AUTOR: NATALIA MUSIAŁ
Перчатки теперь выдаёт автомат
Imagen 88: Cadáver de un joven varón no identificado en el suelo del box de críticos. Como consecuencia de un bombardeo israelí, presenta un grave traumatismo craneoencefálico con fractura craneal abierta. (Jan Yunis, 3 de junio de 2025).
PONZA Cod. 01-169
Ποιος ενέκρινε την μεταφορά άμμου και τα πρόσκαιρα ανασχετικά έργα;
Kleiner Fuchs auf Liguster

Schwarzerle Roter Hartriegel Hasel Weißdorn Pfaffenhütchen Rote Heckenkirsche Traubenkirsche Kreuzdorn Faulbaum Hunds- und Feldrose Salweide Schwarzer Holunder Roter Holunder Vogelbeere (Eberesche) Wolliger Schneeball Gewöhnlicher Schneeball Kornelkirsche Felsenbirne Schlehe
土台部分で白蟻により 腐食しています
...
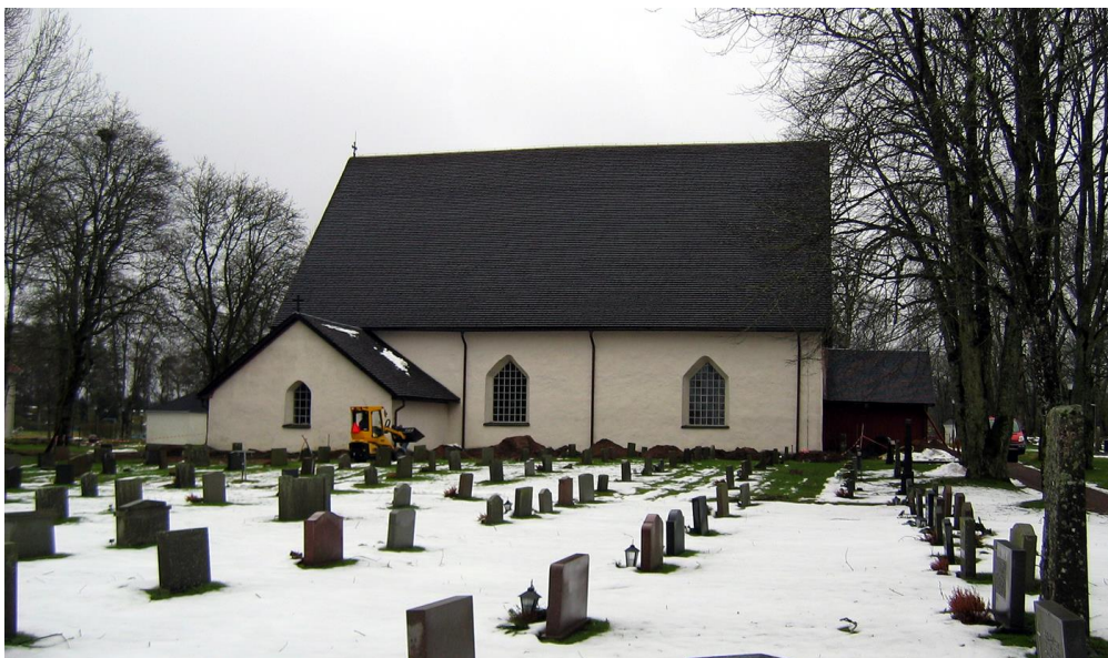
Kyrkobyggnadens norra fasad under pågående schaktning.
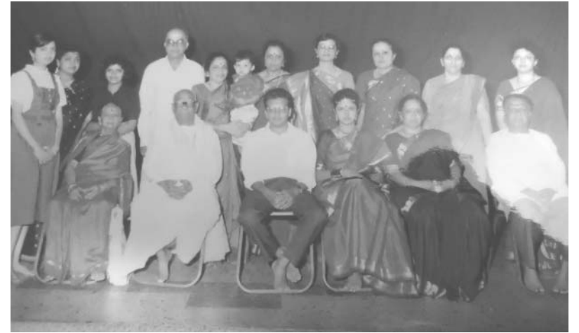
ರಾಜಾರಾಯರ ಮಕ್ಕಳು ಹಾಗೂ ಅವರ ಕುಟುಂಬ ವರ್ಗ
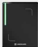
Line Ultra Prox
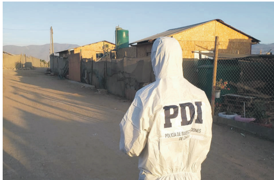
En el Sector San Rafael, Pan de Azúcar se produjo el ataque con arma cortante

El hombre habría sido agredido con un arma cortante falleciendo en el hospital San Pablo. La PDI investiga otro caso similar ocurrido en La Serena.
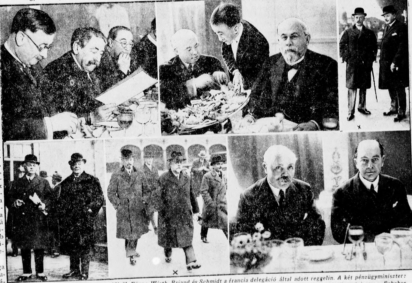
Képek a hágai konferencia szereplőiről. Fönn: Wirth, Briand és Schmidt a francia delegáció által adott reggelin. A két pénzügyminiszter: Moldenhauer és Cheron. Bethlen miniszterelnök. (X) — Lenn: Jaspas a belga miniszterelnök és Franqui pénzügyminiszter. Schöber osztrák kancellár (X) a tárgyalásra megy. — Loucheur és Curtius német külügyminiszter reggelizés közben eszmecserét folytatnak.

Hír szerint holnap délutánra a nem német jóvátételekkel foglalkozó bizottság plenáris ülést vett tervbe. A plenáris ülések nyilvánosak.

* Your goal
Could you retype exactly the lines above, starting at the line that contains "PONZA Cod. 01-169" and ending at the line that contains "土台部分で白蟻により 腐食しています", and nothing more?

* Result of the exercise
PONZA Cod. 01-169
Ποιος ενέκρινε την μεταφορά άμμου και τα πρόσκαιρα ανασχετικά έργα;
Kleiner Fuchs auf Liguster

Schwarzerle Roter Hartriegel Hasel Weißdorn Pfaffenhütchen Rote Heckenkirsche Traubenkirsche Kreuzdorn Faulbaum Hunds- und Feldrose Salweide Schwarzer Holunder Roter Holunder Vogelbeere (Eberesche) Wolliger Schneeball Gewöhnlicher Schneeball Kornelkirsche Felsenbirne Schlehe
土台部分で白蟻により 腐食しています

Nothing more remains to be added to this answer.